例えば、私たちが日常生活で自動販売機にお金を入れてジュースを買う場面を想像してみてください。もし自動販売機の中でジュースが詰まってしまったとき、自動販売機自体が完全に沈黙してしまったら困りますよね。代わりに、画面に「お手数ですが店員を呼んでください」と表示されたり、お金がそのまま戻ってきたりするはずです。このように、トラブルが起きたときでもシステム全体が壊れないように次の行動を指示する仕組みが、Webアプリ開発における例外処理の役割です。
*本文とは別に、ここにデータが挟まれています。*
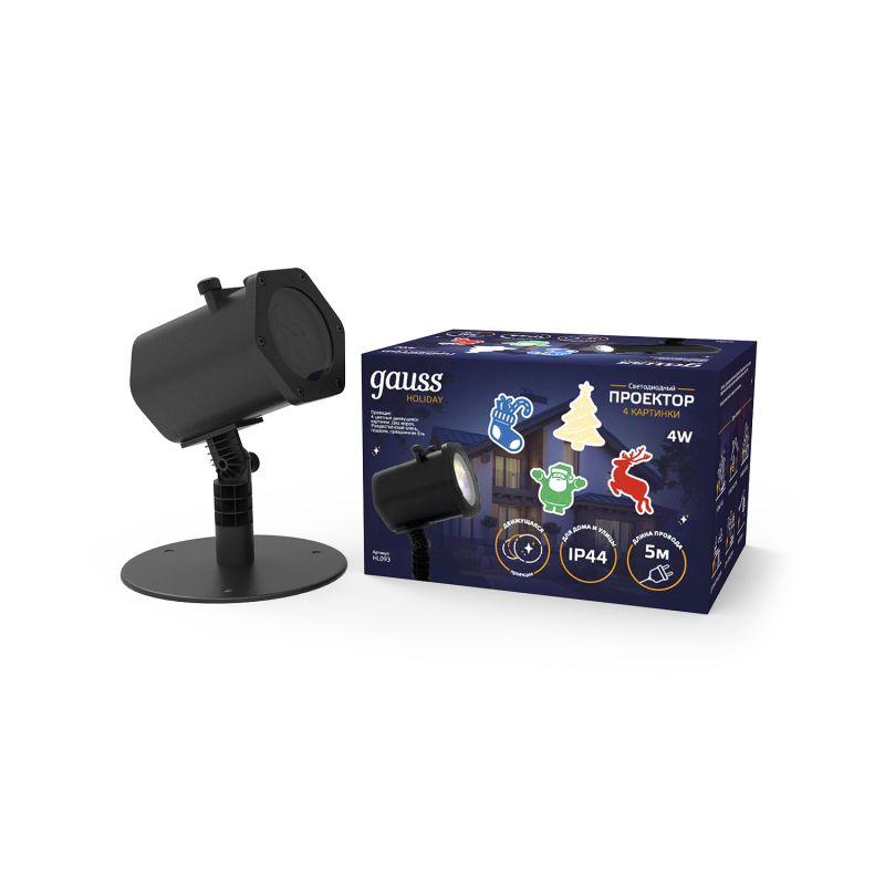 Купить Проектор светодиодный Holiday 4 картинки Дед Мороз; Рождественский Олень; Подарки; Елка анимирован. картинки IP44 GAUSS HL093 GAUSS HL093 по лучшей цене с доставкой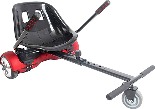 Available in some great colours – including a pretty impressive pink – and able to handle all sizes of hoverboard, this one has proper rubber wheels, twin handles for driving, a wide seat and is suitable for off-road use with twin shock absorbers. We do like the idea of suspension, especially if you are going off-road, as it will give a whole new dimension to the ride. The height maximum and minimum are as standard, and it takes up to 120kh. We like this one as it really looks the part.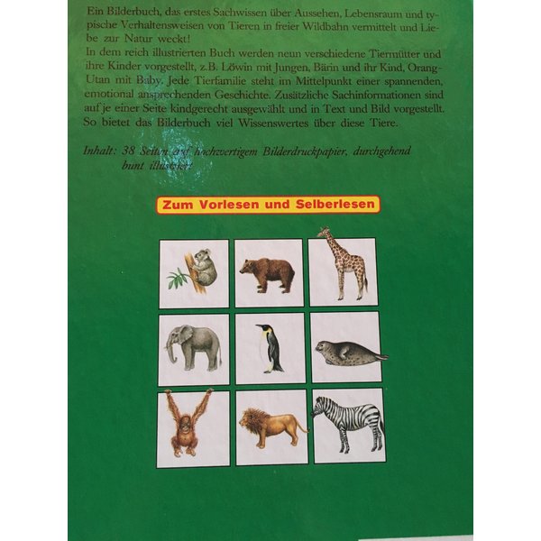Ein Bilderbuch, das erstens Sachwissen über Aussehen, Lebensraum und typische Verhaltensweisen von Tieren in freier Wildbahn vermittelt und Liebe zur Natur weckt! In dem reich Illustrierten Buch werden neun verschiedene Tiermütter und ihre Kinder vorgestellt, zum Beispiel Löwen mit jungen, Bärin und ihr Kind, Orang-Utans mit Baby. Jede Tier Familie steht im Mittelpunkt einer spannenden emotional ansprechenden Geschichte. Zusätzliche Sachinformationen sind auf je einer Seite kindgerecht ausgewählt und in Text und Bild vorgestellt. So bietet dieses Buch viel Wissenswertes über diese Tiere. 38 Seiten aus hochwertigem Bild Druck Papier, durchgehen und illustriert

C#のWebアプリ開発、特にASP.NETという仕組みを使う場合、この例外処理を正しく実装していないと、Webサイトにアクセスした一般の利用者に、開発者しか見ないような複雑な英語のプログラムコードやシステムの内側が丸見えになってしまいます。これは見た目が悪いだけでなく、セキュリティの面でも非常に危険な状態です。そのため、適切なエラー管理を行うことが、プログラミング初心者から脱却するための最初のステップになります。
2. try-catch文の基本的な使い方
C#で例外処理を行うための最も基本となる道具が、try-catch文と呼ばれる仕組みです。これは日本語に直すと「試す(try)」と「捕まえる(catch)」という意味になります。エラーが起きそうな処理をあらかじめ指定の枠の中に隔離しておき、もし実際にエラーが起きたらそのエラーを捕まえて別の安全な処理に誘導するという、川の流れを切り替える水門のような役割を果たします。
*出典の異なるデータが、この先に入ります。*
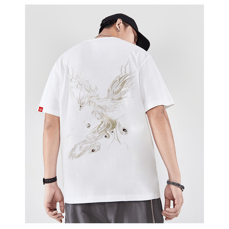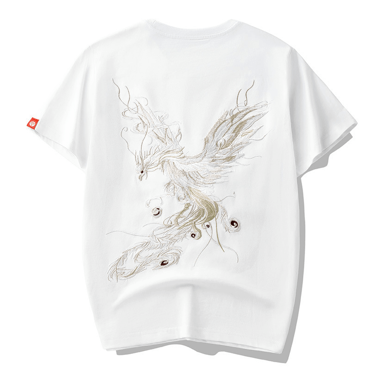 ASIS国潮中国风男装凤凰刺绣短袖T恤 白色 M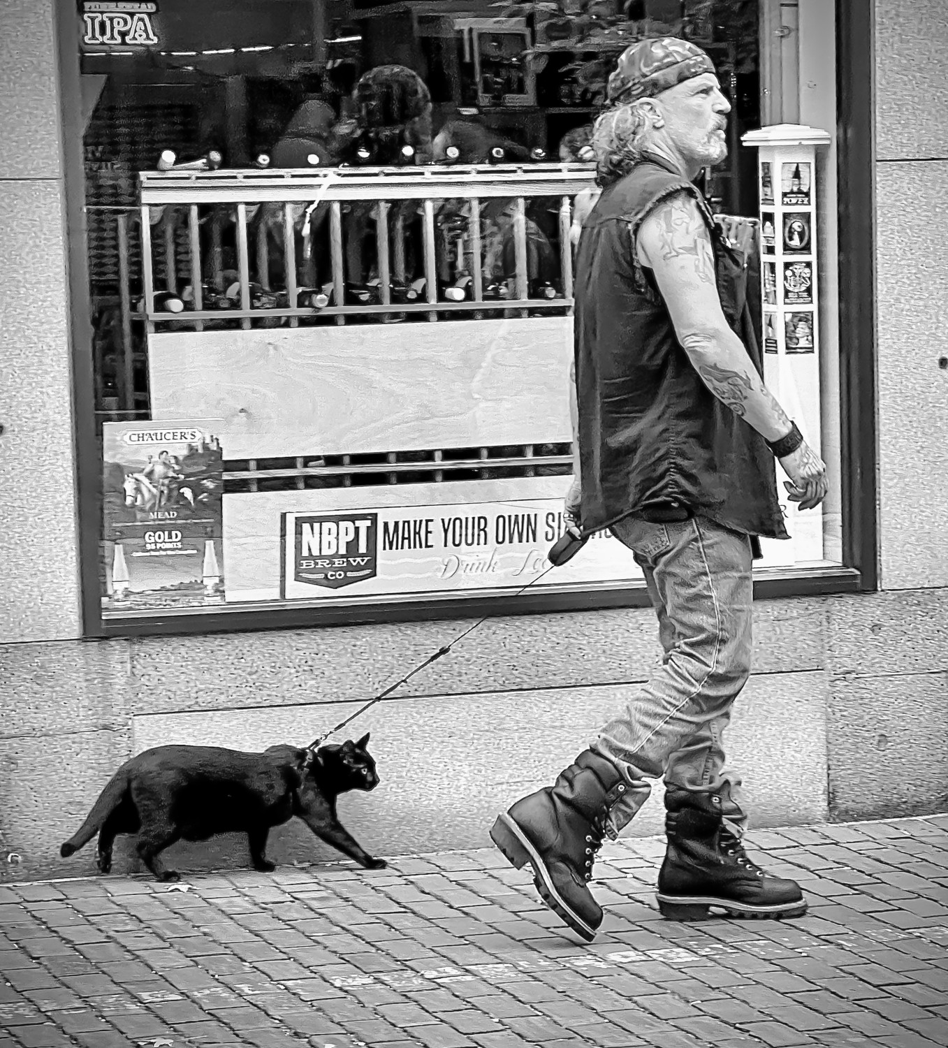 The weather was chamber-of-commerce perfect for our trip, abundant sunshine combined with temperate temperatures — great weather to walk a black cat on the brick-lined streets of downtown Salem.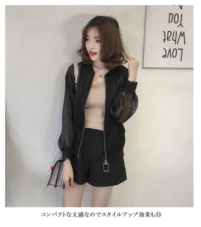 | 透け感のある素材を使用したライトアウター 女性らしく華やかなシア?ブルゾン。 軽やかな素材がスタイリングに抜け感と女性らしさをプラスしてくれます。 フロントはZIP仕様になっているので、着脱しやすいのも魅力的。 コンパクトな丈感なのでスタイルアップ効果も◎ | |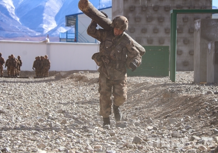 圖為阿里軍分區(qū)某部官兵進(jìn)行負(fù)重訓(xùn)練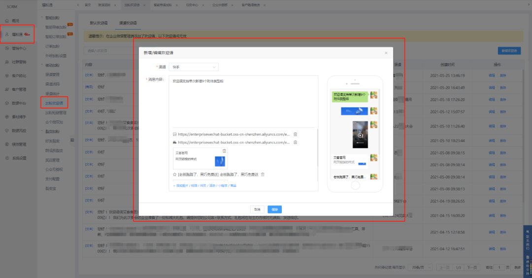 2、 新增:渠道活碼中涉及到的歡迎語功能單次可攜帶9個附件,并新增視頻附件功能,增加預覽功能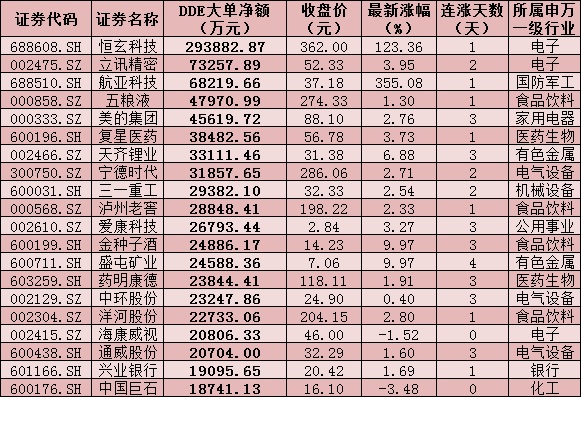 一、周三(12月16日)DDE大單資金凈買入TOP20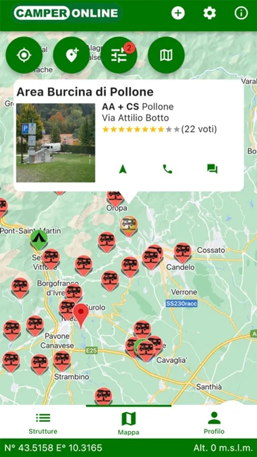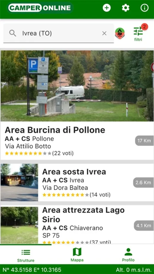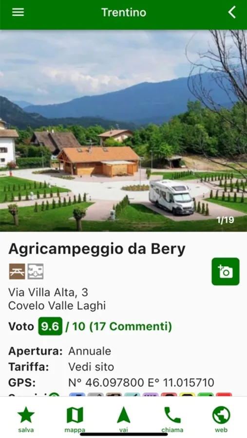 CamperOnLine is a reference site for motorhomes and caravan enthusiasts. This app allows listing the nearest RV parks, campsites, sales and service points as well as displaying them on the map. Each facility is described with general data, services, pictures and opinions by previous users (if available). It allows searches by entering city name, address, location. Preferred facilities can be bookmarked for quick later access. A data connection is required, otherwise on clicking “RV Parks” or “Campsites” a “An error occurred with the CamperOnLine service” message is displayed.

パソコンの操作に慣れていない方に向けて説明すると、これは「もし書類の作成に失敗したら、ゴミ箱に捨てるのではなく、上司に報告して書き直す」という指示書をあらかじめパソコンに与えておくようなものです。まずは、最もシンプルな計算処理を例にして、このtry-catch文がどのように動くのかをプログラムコードで確認してみましょう。
int number1 = 10;
int number2 = 0;
try
{
int result = number1 / number2;
Console.WriteLine("計算が成功しました。");
}
catch (DivideByZeroException ex)
{
Console.WriteLine("エラーが発生しました:ゼロで割り算することはできません。");
}
上記のプログラムでは、算数のルールで禁止されている「ゼロでの割り算」を行おうとしています。そのため、普通に実行するとプログラムが途中で壊れてしまいます。しかし、全体をtryのブロックで囲み、後ろにcatchを用意しておくことで、ゼロで割ろうとした瞬間にエラーが捕まり、画面には安全なメッセージが表示されます。実際の実行結果は以下のようになります。
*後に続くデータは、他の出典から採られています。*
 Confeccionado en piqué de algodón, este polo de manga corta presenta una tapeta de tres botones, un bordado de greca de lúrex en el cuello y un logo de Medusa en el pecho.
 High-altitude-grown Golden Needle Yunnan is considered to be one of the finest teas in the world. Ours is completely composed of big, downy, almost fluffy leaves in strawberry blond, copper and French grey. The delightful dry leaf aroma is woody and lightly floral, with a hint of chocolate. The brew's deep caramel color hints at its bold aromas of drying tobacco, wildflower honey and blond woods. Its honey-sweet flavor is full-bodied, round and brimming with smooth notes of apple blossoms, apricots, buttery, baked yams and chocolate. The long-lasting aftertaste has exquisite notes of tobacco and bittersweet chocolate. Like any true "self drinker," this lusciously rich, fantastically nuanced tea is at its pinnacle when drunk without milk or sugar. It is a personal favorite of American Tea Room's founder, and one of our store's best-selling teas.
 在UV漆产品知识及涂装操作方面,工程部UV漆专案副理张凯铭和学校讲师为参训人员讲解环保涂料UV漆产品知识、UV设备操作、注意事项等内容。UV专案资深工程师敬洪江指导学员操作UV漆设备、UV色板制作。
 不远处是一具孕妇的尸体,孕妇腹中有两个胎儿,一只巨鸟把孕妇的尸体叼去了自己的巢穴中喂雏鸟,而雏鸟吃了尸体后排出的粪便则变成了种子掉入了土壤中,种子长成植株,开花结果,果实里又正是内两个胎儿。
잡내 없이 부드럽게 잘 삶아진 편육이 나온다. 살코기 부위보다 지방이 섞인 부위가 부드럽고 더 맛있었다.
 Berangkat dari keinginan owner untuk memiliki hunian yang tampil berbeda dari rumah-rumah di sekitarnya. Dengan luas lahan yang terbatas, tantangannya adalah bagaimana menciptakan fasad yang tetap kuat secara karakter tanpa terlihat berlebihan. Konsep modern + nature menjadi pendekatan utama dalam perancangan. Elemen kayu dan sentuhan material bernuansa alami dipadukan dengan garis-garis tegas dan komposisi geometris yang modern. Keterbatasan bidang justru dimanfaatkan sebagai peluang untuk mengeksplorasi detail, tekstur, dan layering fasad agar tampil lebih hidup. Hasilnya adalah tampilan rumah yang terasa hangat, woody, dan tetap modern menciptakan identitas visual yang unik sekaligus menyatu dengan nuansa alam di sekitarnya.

エラーが発生しました:ゼロで割り算することはできません。
3. 様々な種類のエラーを個別に捕まえる方法
エラーには色々な種類があります。先ほどの「ゼロでの割り算」以外にも、例えば「存在しないファイルを読み込もうとした」「インターネットの接続が切れてデータベースからデータを取得できなかった」「文字を入力すべき場所に数字を入れてしまった」など、原因は様々です。これらを専門用語で例外クラスと呼びます。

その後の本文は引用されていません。